You may have trained well for the marathon, but before you enter the run, it is important to make sure your health is in perfect shape. Keeping in mind the tragic and sudden demise of a seasoned marathoner, who was also one of the leading gynaecologists in India, we recommend some very important health checks you should get done before running a marathon.

1. Blood Pressure Levels

blood pressure monitor

High blood pressure levels do not often come with warning signs, so it is even more important to do a check some weeks before the run. However, if left untreated, it can cause serious damage to your heart as well as blood vessels, and may even lead to stroke or heart attack.

2. Cholesterol Levels

cholesterol monitor

Some cholesterol is definitely good for your body, as it helps to build cell membranes and also protects the nerve cells of your brain. The cholesterol turns harmful when the excess levels interfere with the flow of blood to your heart and clog your arteries. Even if you have checked it earlier and found the levels satisfactory, do not take it for granted and do another check before the run.

3. Haemoglobin Count

haemoglobin count

If your haemoglobin count goes low, your body will get exhausted faster, making it difficult for you to work out and eventually run.
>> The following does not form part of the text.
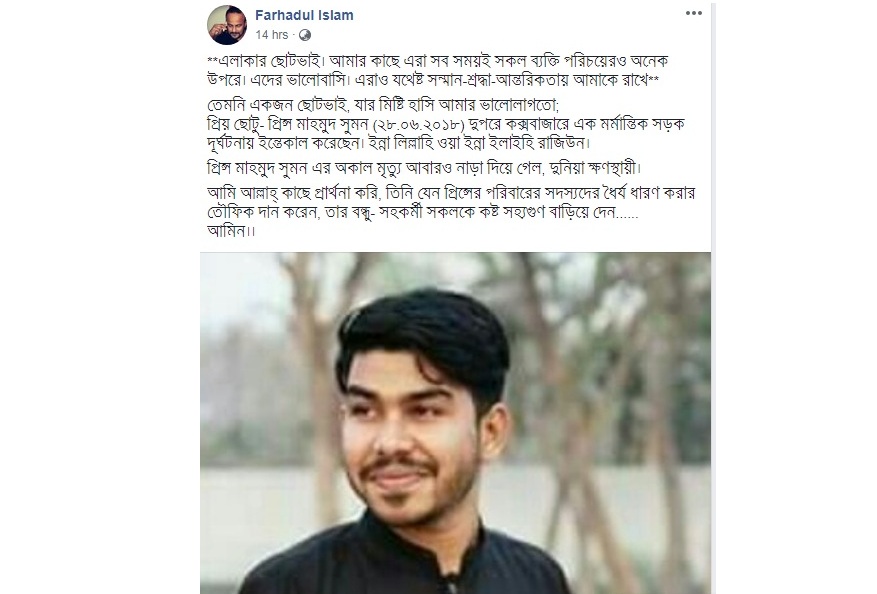এছাড়াও এলাকার অন্যতম গণ্যমান্য এবং সর্বজন শ্রদ্ধেয়, আন্তর্জাতিক খ্যাতি সম্পন্ন কর্পোরেট ট্রে’নার ফরহাদুল ইসলামের টাইমলাইনও নাড়া দিয়েছে অনেকের হৃদয়ে। তিনি সুমনের এই বিদায়ে যা লিখেছেন তা হুবহু তুলে ধরা হলো-

Some common symptoms are increased levels of fatigue, pain in the muscles and joints as well as a constant lack of energy. While these may not bring in immediate health risks, if your iron levels are low, it could lead to heart problems.

4. Thyroid Hormone


Your thyroid hormones help the flow of energy to your cells, and having a low functioning thyroid hormone could deplete your energy levels faster. As a result, your body will get tired faster and will become overworked soon. On the other hand, if your thyroid levels are high, it can increase your heart rate and also interfere with your cholesterol levels.

5. Cardiovascular Fitness

cardiovascular fitness

It is very important to get a proper cardiovascular fitness test done some time prior to your run. The test will assess your body’s ability to absorb oxygen and help supply blood to the muscles. It will also give an indication about the health of your heart, lungs as well as arteries.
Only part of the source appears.